With all the media panic about sequestration, one would think a study finding billions of dollars of fraud in a government program would be national news.
Apparently not, for with few exceptions, a report published by the St. Louis Federal Reserve last week finding $3.3 billion in fraudulent unemployment claims in 2011 got almost no attention:
The unemployment insurance program in the U.S. offers benefits to workers if they lose their jobs through no fault of their own. In 2011, this program cost $108 billion, of which nearly $3.3 billion was spent on overpayments due to fraud.
Unemployment insurance fraud occurs when an ineligible individual collects benefits after intentionally misreporting his or her eligibility. Recent headlines have brought attention to extreme forms of fraud, such as the collection of unemployment benefits by prisoners. The dominant form of unemployment insurance fraud, however, is what's called concealed earnings fraud. This fraud occurs when individuals collect unemployment benefits while they are employed and are earning wages. The overpayments due to concealed earnings accounted for almost $2.2 billion in 2011, two-thirds of the total overpayments due to all categories of fraud. [...]

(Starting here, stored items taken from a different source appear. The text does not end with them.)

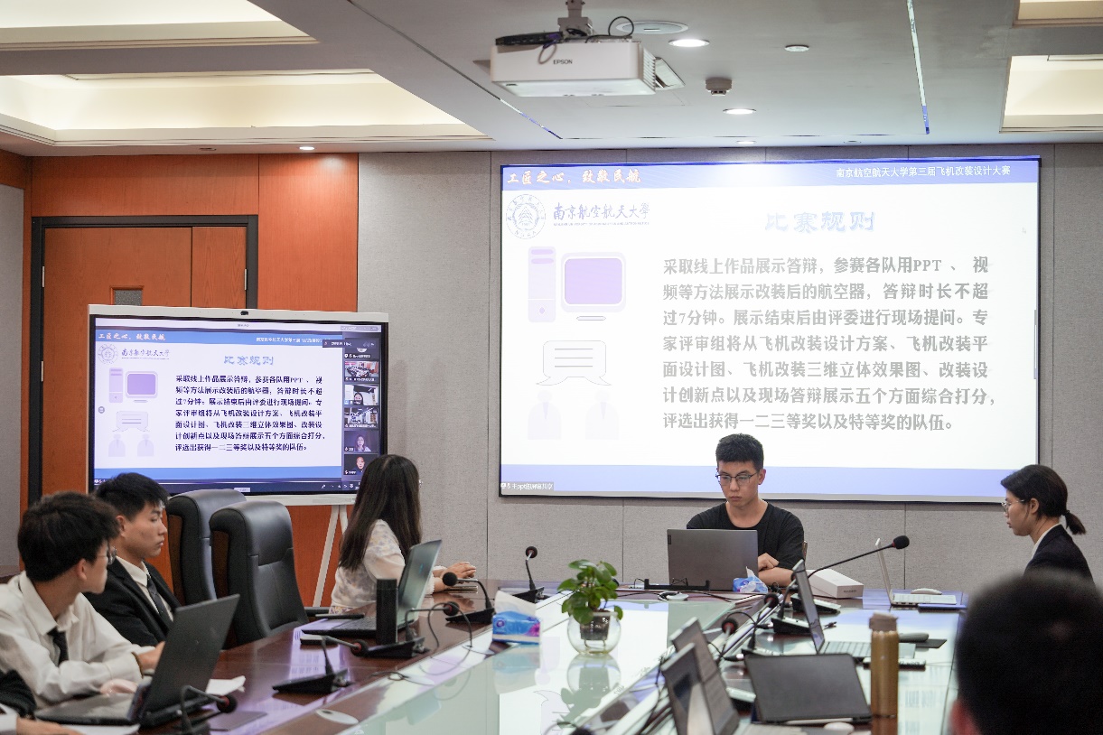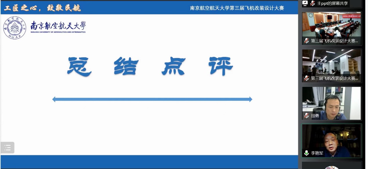 6月10日晚,由二次元 举办的二次元 第三届飞机改装设计大赛决赛于天目湖校区二次元 科创空间和将军路校区二次元 1213会议室同步进行。根据疫情防控的要求,本次比赛采用线上线下相结合的答辩方式。波音公司波音研究与技术部客舱技术研究员龙珑女士,中国民航局结构委任工程代表、山东太古高工赵伟岩先生,中国民航局系统和设备委任工程代表、山东太古高工宋青女士,二次元 党委副书记王艳、副院长田勇,工程系主任丁萌、教授李艳军、副主任宫淑丽、教师曹愈远以及二次元 团委书记赵慧文和学生代表共同参与此次大赛。
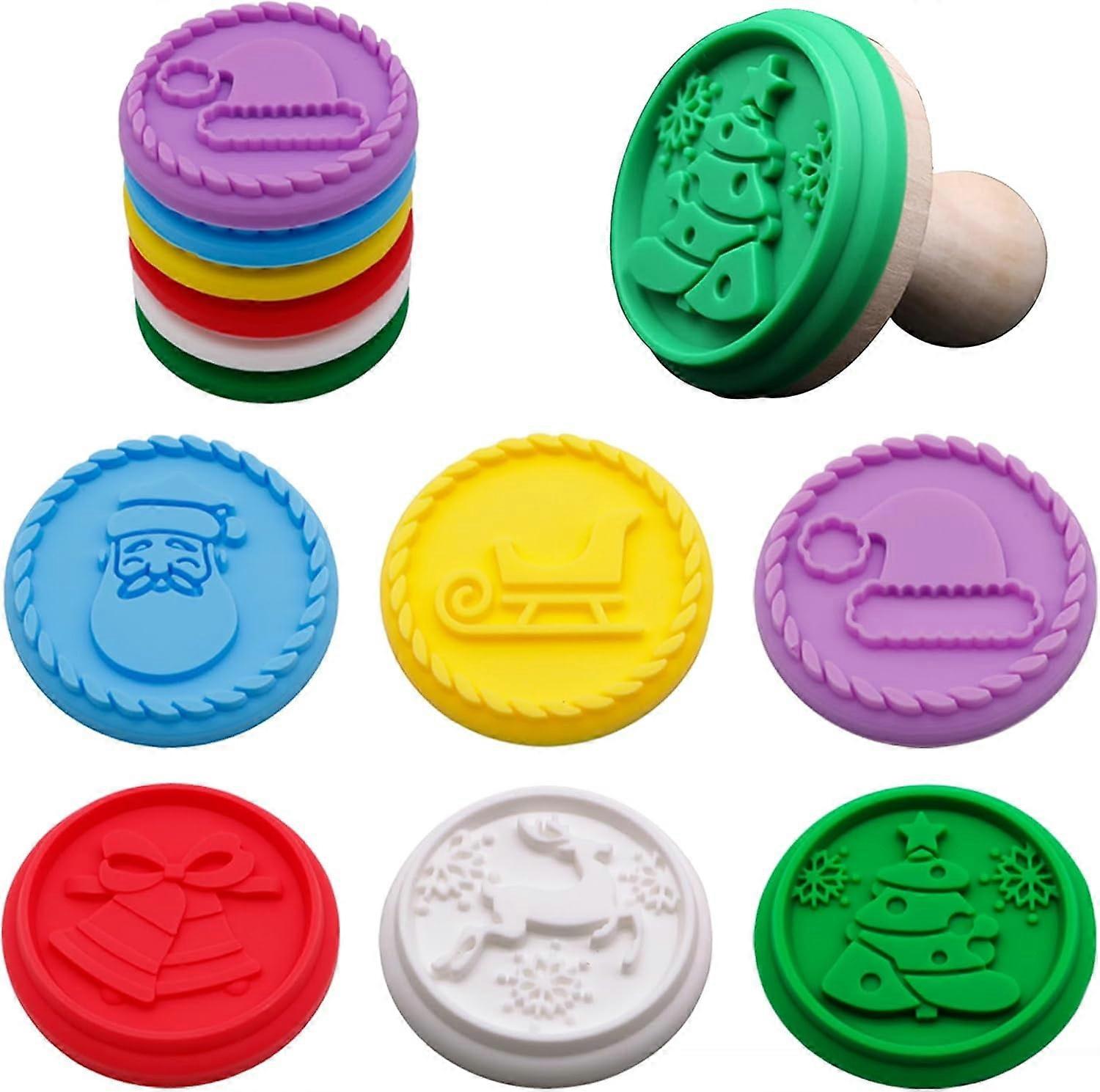 Silicone Christmas Cookie Stamps with Wood Press, Compatible with Bell, Reindeer, Tree Cutters, Non-stick BPA Free Baking Gift
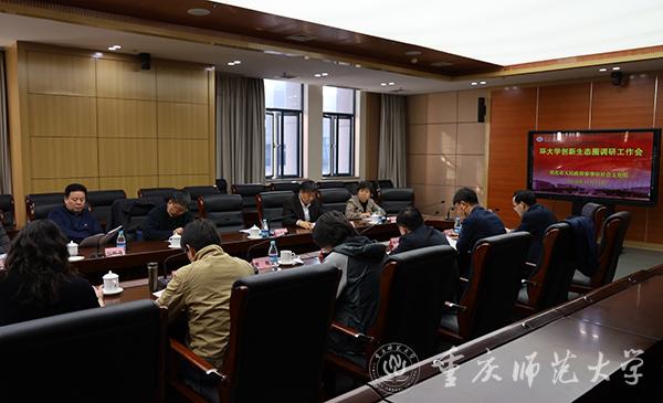 重庆市人民政府参事室社会文化组史若飞、周泽扬、杨小伶、郝鹏寿、刘明华、黄越等参事一行,于11月14日下午,在beat365官网博雅楼举行环大学创新生态圈调研工作会,为优化大学周边创新生态环境献计出力。全市共批准6所高校的环大学创新生态圈建设,beat365官网是其中之一。

Among those committing concealed earnings fraud, 18,000 (roughly 20 percent) earned less than $300 per week, and 12,000 (14 percent) earned more than $900 per week.
$900 a week is almost $47,000 per year. That's roughly the same as median household income in 2011.
And, according to the study, fraud by folks making more than $900 a week accounted for 22 percent of the overpayments in 2011.
Scarier still, there were people in this country making in excess of $100,000 a year that received unemployment benefits in 2011:
Considering the media's panic over $85 billion in supposed sequestration cuts, you would think they'd be interested in this.
Not so, for with the exception of a Wall Street Journal piece on this Friday and a Huffington Post article Sunday, I found no other major news outlet coverage on this issue.
I guess the media don't care how the government spends our money as long as it keeps getting more of it to spend.